Only the lines below from the one containing "De gekleurde open" through the one containing "Oh My Golden" belong in the answer, set down exactly, with the pictures left out.

[LISTED RECORDS — start]

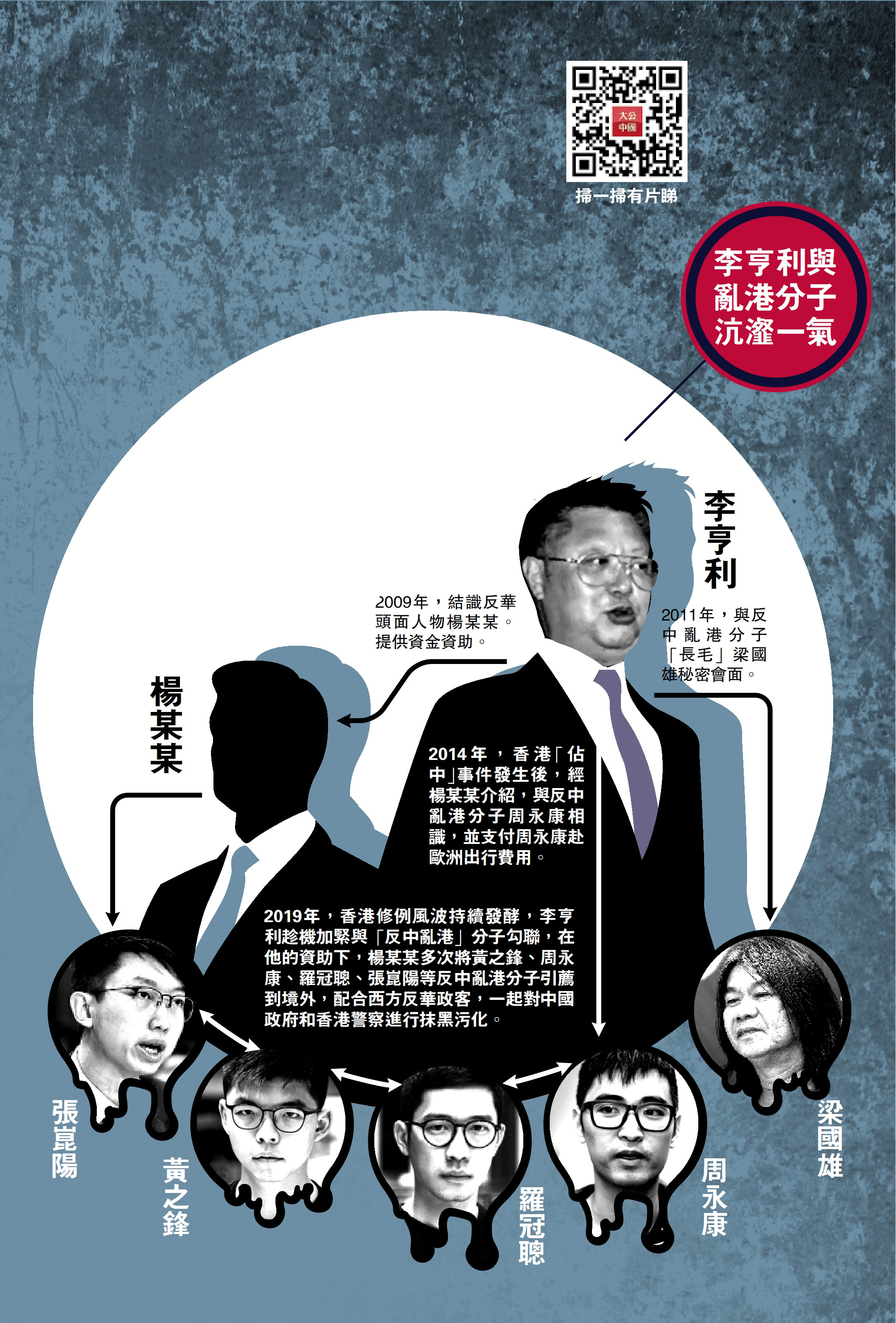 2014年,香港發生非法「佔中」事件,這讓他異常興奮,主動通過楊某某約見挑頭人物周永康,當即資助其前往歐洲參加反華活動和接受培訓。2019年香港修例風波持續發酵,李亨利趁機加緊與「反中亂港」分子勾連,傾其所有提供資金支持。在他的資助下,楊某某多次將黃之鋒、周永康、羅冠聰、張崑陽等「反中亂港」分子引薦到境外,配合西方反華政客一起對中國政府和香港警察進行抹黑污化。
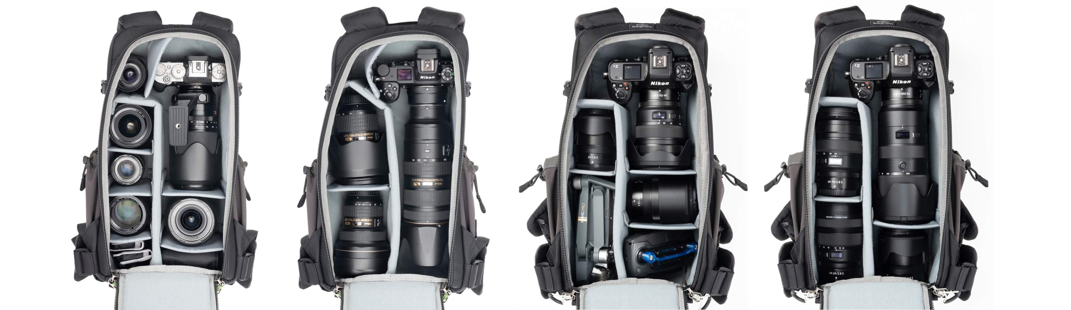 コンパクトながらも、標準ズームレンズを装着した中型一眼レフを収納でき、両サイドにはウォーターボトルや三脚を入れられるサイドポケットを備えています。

[LISTED RECORDS — finish]
[LISTED RECORDS — start]

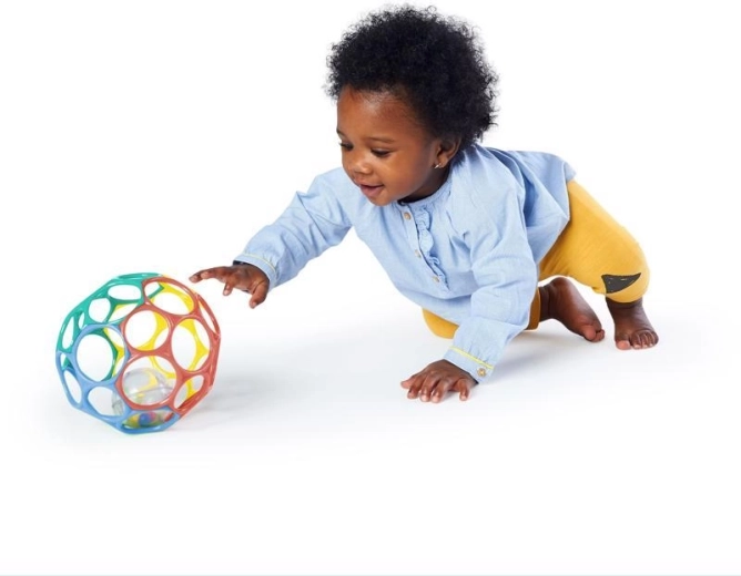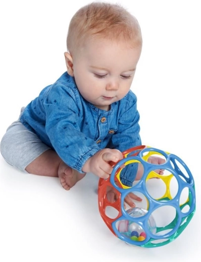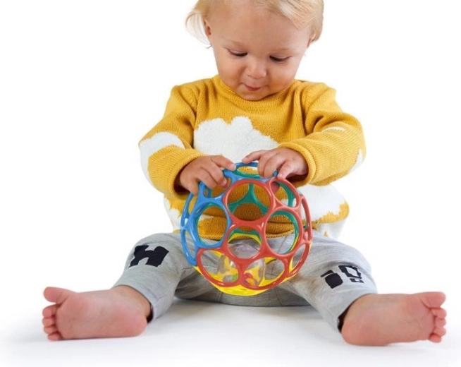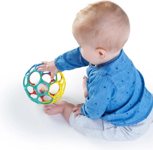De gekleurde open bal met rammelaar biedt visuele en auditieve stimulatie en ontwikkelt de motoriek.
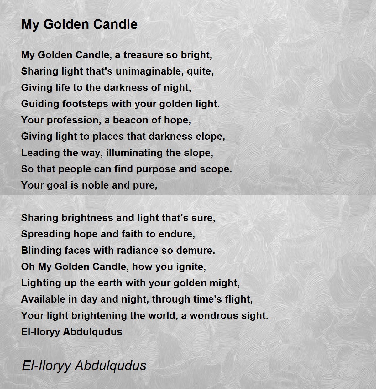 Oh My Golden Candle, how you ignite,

[LISTED RECORDS — finish]

-- COMPLETED TASK --
De gekleurde open bal met rammelaar biedt visuele en auditieve stimulatie en ontwikkelt de motoriek.
 Oh My Golden Candle, how you ignite,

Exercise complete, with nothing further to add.